Step-by-Step Solution
Verified Answer
(a) \( c \approx 4.46 \).
(b) \( 3.33 \text{ s}^{-1} \).
(c) \( 2.22 \text{ s}^{-1} \).
(d) \( M \approx 12736.5 \text{ kg} (realistically too large).\)
1Step 1: Understand the formula
The formula given is \( f = cM^{-1/6} \), where \( f \) is the frequency, \( M \) is the mass, and \( c \) is a constant. This relation suggests that the frequency of licks is inversely proportional to the sixth root of the mass.
2Step 2: Calculate the constant \( c \) for a domestic cat
Using the data for a domestic cat, substitute \( M = 4.8 \) kg and \( f = 3.55 \) s\(^{-1}\) into the formula to find \( c \).\[3.55 = c(4.8)^{-1/6}\]Solve for \( c \):\[ \log_{10}(3.55) = -\frac{1}{6} \log_{10}(4.8) + \log_{10}(c) \Rightarrow \log(c) = \log(3.55) + \frac{1}{6} \log(4.8) \Rightarrow c \approx 4.46 \]
3Step 3: Confirm the constant \( c \) for a tiger
Using the same formula for a tiger, substitute \( M = 175.0 \) kg and \( f = 1.70 \) s\(^{-1}\).\[1.70 = c(175.0)^{-1/6}\]Using \( c = 4.46 \) found earlier:\[1.70 \approx 4.46 \times (175.0)^{-1/6}\]Check that this works to verify \( c \approx 4.46 \).
4Step 4: Calculate frequency for 6.4 kg cat
Using the constant \( c = 4.46 \), calculate the frequency for Texas Ranger, a cat with mass \( M = 6.4 \) kg:\[f = 4.46 \times (6.4)^{-1/6} \approx 3.33 \text{ s}^{-1}.\]
5Step 5: Calculate frequency for a 40 kg cheetah
Substitute \( M = 40 \) kg into the formula using \( c = 4.46 \):\[f = 4.46 \times (40)^{-1/6} \approx 2.22 \text{ s}^{-1}.\]
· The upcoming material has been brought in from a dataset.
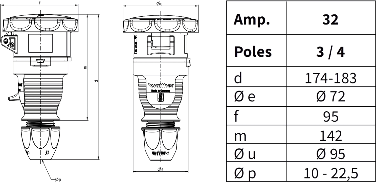 מחבר חשמל תעשייתי כחול - נקבה לחיבור לכבל - 2P+E , 230VAC , 32A WALTHER ועוד קונקטורים, מחברים ומתאמים. לחצו למיפרט טכני מלא. צרו קשר לייעוץ מקצועי: 04-8520233

6Step 6: Estimate mass for frequency less than 1 s^-1
To find the mass for \( f < 1 \text{ s}^{-1} \), solve for \( M \):\[1 = 4.46 \times M^{-1/6}.\]Rearranging, we have:\[M^{1/6} = 4.46 \quad \Rightarrow \quad M = (4.46)^6 \approx 12736.5 \text{ kg}.\] An error in scale might indicate the mathematical constraints of this relationship; value can inferred logically not realistic biologically.
Key Concepts
Inverse Proportionality in Biological ContextsUnderstanding Allometric ScalingIntegrating Calculus in Biological Studies
Inverse Proportionality in Biological Contexts
In the realm of biology, many relationships between organisms and processes can often be expressed through mathematical modeling. One such relationship is inverse proportionality, where one variable decreases as another variable increases. In our exercise, the frequency of licks per second for a cat is inversely proportional to the sixth root of the cat's mass. This means that as the mass of the cat increases, the frequency decreases. The formula given is \( f = cM^{-1/6} \), where the constant \( c \) allows us to calculate specific values for different species of cats based on their mass.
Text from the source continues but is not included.